(Supplied material begins)

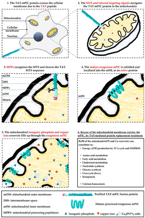 Taking into consideration the main role of mitochondria in cells’ energy metabolism, mitochondrial pH balance maintenance, and the numerous metabolic pathways performed by mitochondria (such as amino acid metabolism, fatty acid metabolism, cholesterol metabolism, nucleotide synthesis, glucose synthesis, urea cycle (liver), ketogenesis, calcium homeostasis, etc. Figure 6, panel 6), it is worth considering conducting a screen to test whether adding mPiC, in the form of TAT-mPiC, to cells suffering from mitochondrial deficiencies other than MPCD, can moderately increase mitochondrial Pi and Cu levels and consequently benefit these cells. Our results show that the carrier’s activity can affect the energy profile of cells of patients that have deficiencies in PDHE1a, FXN, and MMA (Figure 5A–D). This suggests that more Pi and Cu inside the mitochondrial-matrix contribute to many other mitochondrial activities (Figure 6) requiring mainly Pi (but also Cu), and thus may be curative for the down-stream defects caused by various gene deficiencies. This finding is remarkable and could suggest the TAT-mPiC fusion protein as a potential treatment combined with other supplements and drugs to treat various diseases characterized by low mitochondrial ATP production. However, these preliminary results should be further evaluated in follow-up studies.
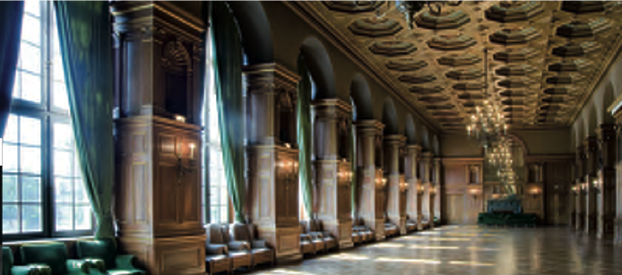 ◊ Salon David-Weill + Salon Gulbenkian: Ces salon de 83m2 avec vue sur la cour d’honneur peuvent chacun contenir jusqu’à 83 personnes.
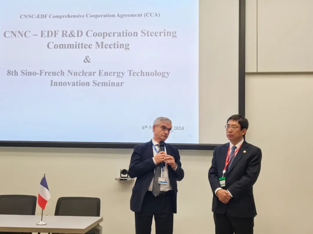 11月6日,第八屆中法核能技術(shù)創(chuàng)新研討會(huì)暨中核集團(tuán)-法國(guó)電力集團(tuán)全面合作協(xié)議(CCA)研發(fā)指導(dǎo)委員會(huì)在巴黎成功召開,中核集團(tuán)副總經(jīng)理辛鋒,法國(guó)電力集團(tuán)(EDF)高級(jí)執(zhí)行副總裁、首席技術(shù)官、研發(fā)部總裁Bernard SALHA出席會(huì)議并致辭。
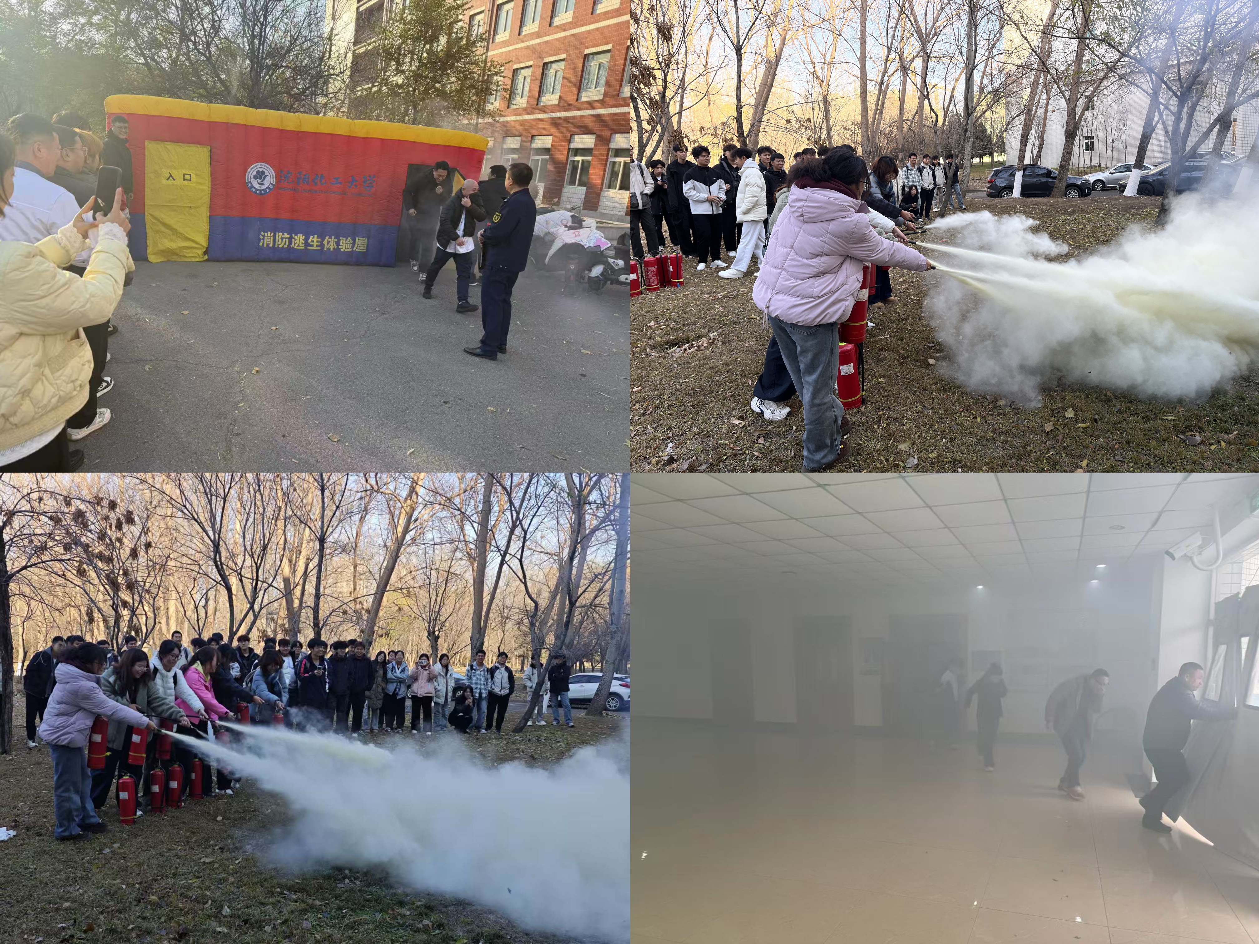 11月中旬,学校在学生宿舍区、教学楼、实验楼等场所组织开展多场应急演练。疏散演练中,师生在工作人员引导下,沿安全通道快速有序撤离至指定集合点,全程规范高效;灭火演练现场,授课人员详细演示灭火器“提、拔、握、压”操作要领,师生代表亲身参与灭火实操,切实提升应急处置能力。

(Supplied material ends)

### [Your task]
Each line from the one containing "11月6日,第八屆中法核能技" through the last line of the listing is to be given again exactly, with no pictures and no other lines.

### [Output for this exercise]
 11月6日,第八屆中法核能技術(shù)創(chuàng)新研討會(huì)暨中核集團(tuán)-法國(guó)電力集團(tuán)全面合作協(xié)議(CCA)研發(fā)指導(dǎo)委員會(huì)在巴黎成功召開,中核集團(tuán)副總經(jīng)理辛鋒,法國(guó)電力集團(tuán)(EDF)高級(jí)執(zhí)行副總裁、首席技術(shù)官、研發(fā)部總裁Bernard SALHA出席會(huì)議并致辭。
 11月中旬,学校在学生宿舍区、教学楼、实验楼等场所组织开展多场应急演练。疏散演练中,师生在工作人员引导下,沿安全通道快速有序撤离至指定集合点,全程规范高效;灭火演练现场,授课人员详细演示灭火器“提、拔、握、压”操作要领,师生代表亲身参与灭火实操,切实提升应急处置能力。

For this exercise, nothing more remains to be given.